El siguiente escalón es armonizarse con el espíritu que todo lo permeabiliza y el Qi Gong basado en una filosofía sapienzal, el Taoísmo, y con esa capacidad de ir refinando la energía hasta convertirla en una conciencia capaz de penetrar los misterios en los que el alma anhele respuestas es también una vía de acceso a nuestra auténtica naturaleza. Como dice Yves la consciencia y todas sus facultades (presencia, atención, concentración, memoria) «se vuelve más alerta, despierta, amplia y espaciosa, lo que nos permite cultivar la sabiduría de la Conciencia Universal, cuya esencia es el vacío absoluto». O como nos dice Nayeli, «gracias al trabajo del Qi Gong podemos ir, quizá a través de la imitación, de manera inconsciente, aprendiendo la manera en que el universo (en este caso nosotros mismos) se va entremezclando, uniendo, bailando para avanzar en equilibrio, en armonía».

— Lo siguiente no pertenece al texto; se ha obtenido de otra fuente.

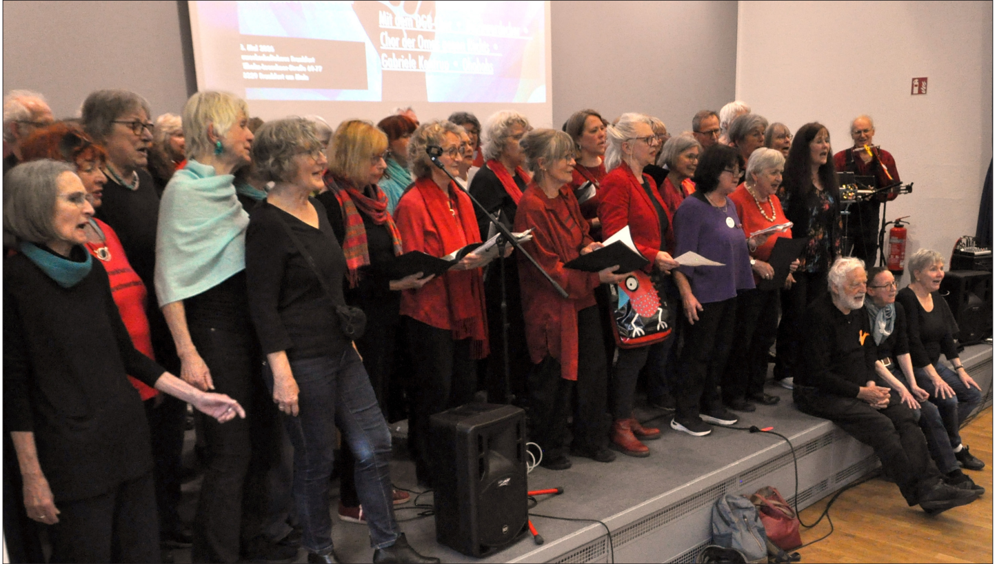
Und dann die „Jam-Session“: alle drei Chöre gemeinsam auf der Bühne

La eficacia de esta disciplina energética no sólo se ha ganado la aceptación del público en Estados Unidos, Francia, y poco a poco en España, sino que se ha ganado el interés de la comunidad científica gracias a la influencia de las investigaciones modernas de la China Popular en el campo de la salud. Algunos físicos como Fritjof Capra, o el astrofísico Hubert Reeves, reconocen que el pensamiento chino sobre la materia está de acuerdo con las teorías científicas más avanzadas, y gracias a las técnicas actuales como la electronografía, se ha podido verificar la existencia de puntos y meridianos, constatándose que hace 5.000 años, cuando los chinos elaboraron el método, no cometieron ningún error. Parece que la ciencia occidental se va despertando de un sueño mecanicista y materialista para avanzar lentamente hacia otros paradigmas que tímidamente corroboran muchas de las teorías fundamentadas en otro tipo de ciencia, la tradicional, que posee desde hace miles de años certezas sobre lo que es el hombre y el cosmos. El universo nos ofrece una oportunidad de remontar la crisis del hombre occidental y moderno a bordo de una sabiduría que es bálsamo para el cuerpo, la mente y el espíritu.
Os invitamos a vivir, a practicar una salud activa a ritmo de Qi gong: con un respirar lento y profundo, con una sonrisa calma, un mirar fijo pero panorámico y una consciencia puntual, expansiva. Así es una salud en constante movimiento, una salud activa.